For a counterexample, just take Peres' example verbatim. Let $S=\{1,2,3\}$ and $H=\{1,2\}$. For each row of $X$ independently, with probability $1/2$, sample the entries of the row i.i.d. uniformly $1$ or $2$, and with probability $1/2$, sample the entries of the row i.i.d. uniformly $1$ or $3$. Call the first situation $A$ and the second situation $B$. The marginal law of each $X_{i,j}$ is clearly $1$ with probability $1/2$ and $2$ or $3$ with probability $1/4$ each. The conditional law $\alpha$ of $X_{i,j}$ given $X_{i,j}\in H$ is $X_{i,j}=1$ with probability $2/3$ and $X_{i,j}=2$ with probability $1/3$.
Let's compute \begin{equation*} \Pr_{\tau\sim \mathsf{U}[M(X)]}\left(X_{i,\tau(i)}=2,\forall i\in [n]\bigg\vert M(X)\neq \emptyset\right). \end{equation*} Theorem 1 appears to claim that this should be $\alpha(2)^n=(1/3)^n$.

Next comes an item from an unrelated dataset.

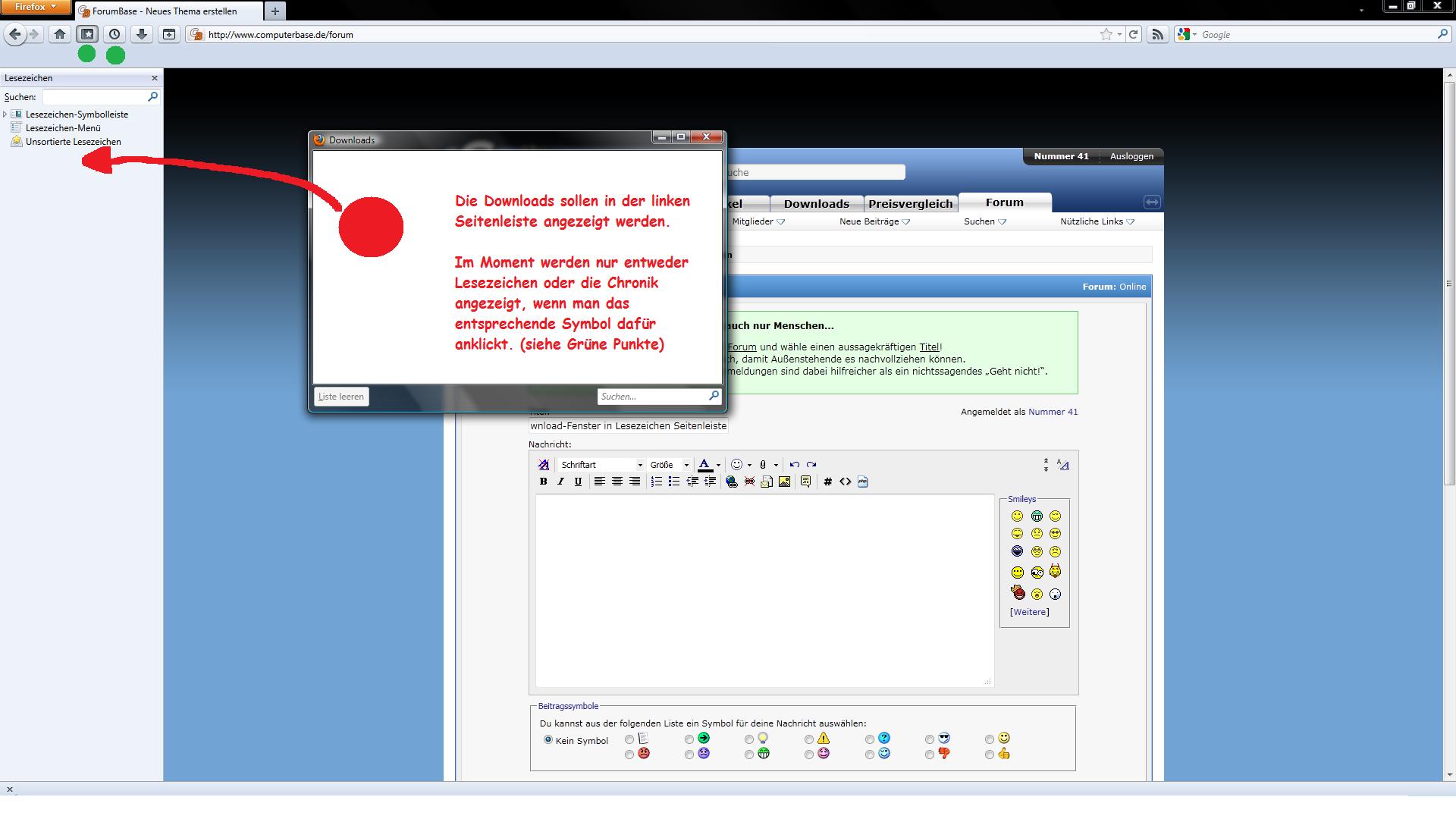 1.) Ich möchte, dass Firefox mir die Downloads nicht mehr in einem separatem Fenster anzeigt, sondern in der Seitenleiste, wo auch Lesezeichen oder Chronik angezeigt werden.
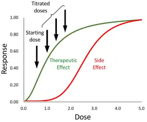 When a drug has a narrow therapeutic index, titration is especially important, because the range between the dose at which a drug is effective and the dose at which side effects occur is small.[2] Some examples of the types of drugs commonly requiring titration include insulin, anticonvulsants, blood thinners, anti-depressants, stimulants for ADHD and sedatives.[3][4][5]

It's easy to see that that the probability $M(X)\neq \emptyset$ is $1-o(1)$ by comparison with the probability that a random bipartite graph with $1/2$ edge probability has a perfect matching via the obvious coupling. Now, we have \begin{equation*} \Pr_{\tau\sim \mathsf{U}[M(X)]}\left(X_{i,\tau(i)}=2,\forall i\in [n]\bigg\vert M(X)\neq \emptyset\right)=\Pr_{\tau\sim U[M(X)]}\left(X_{i,\tau(i)}=2,\forall i\in [n]\,\land\, \text{all rows sampled via $A$}\bigg\vert M(X)\neq \emptyset\right). \end{equation*} This holds simply because if all entries in any perfect matching are $2$, all rows must have been sampled according to situation $A$. We thus have \begin{equation*} \Pr_{\tau\sim \mathsf{U}[M(X)]}\left(X_{i,\tau(i)}=2,\forall i\in [n]\,\land\, \text{all rows sampled via $A$}\bigg\vert M(X)\neq \emptyset\right)=\Pr_{\tau\sim U[M(X)]}\left(X_{i,\tau(i)}=2,\forall i\in [n]\bigg\vert \text{all rows sampled via $A$}\,\land\,M(X)\neq \emptyset\right)\cdot\Pr\left(\text{all rows sampled via $A$}\vert M(X)\neq \emptyset\right). \end{equation*} For the second factor, by Bayes' rule, we have \begin{equation*} \Pr\left(\text{all rows sampled via $A$}\vert M(X)\neq \emptyset\right)= \frac{\Pr\left(\text{all rows sampled via $A$}\right)}{\Pr(M(X)\neq \emptyset)}=\frac{1+o(1)}{2^n}, \end{equation*} since the event that all rows are sampled via $A$ implies there exists a $H$-perfect matching. For the first factor, note that \begin{equation*} \Pr_{\tau\sim U[M(X)]}\left(X_{i,\tau(i)}=2,\forall i\in [n]\bigg\vert \text{all rows sampled via $A$}\,\land\,M(X)\neq \emptyset\right)=\Pr_{\tau\sim U[M(X)]}\left(X_{i,\tau(i)}=2,\forall i\in [n]\bigg\vert \text{all rows sampled via $A$}\right), \end{equation*} since again, the event that all rows are sampled via $A$ implies the existence of $H$-perfect matchings. In fact, all perfect matchings are valid if $A$ occurs since necessarily every entry is in $H$ by construction. But given $A$ occurs for every row, the joint law of all entries of the matrix is i.i.d. uniform over $1$ or $2$, independent of the choice of uniform random matching. So we have \begin{equation*} \Pr_{\tau\sim U[M(X)]}\left(X_{i,\tau(i)}=2,\forall i\in [n]\bigg\vert \text{all rows sampled via $A$}\right)=\frac{1}{2^n}. \end{equation*} Putting it together, we find that $\Pr_{\tau\sim \mathsf{U}[M(X)]}\left(X_{i,\tau(i)}=2,\forall i\in [n]\bigg\vert M(X)\neq \emptyset\right)=\frac{1+o(1)}{4^n}\ll \frac{1}{3^n}$.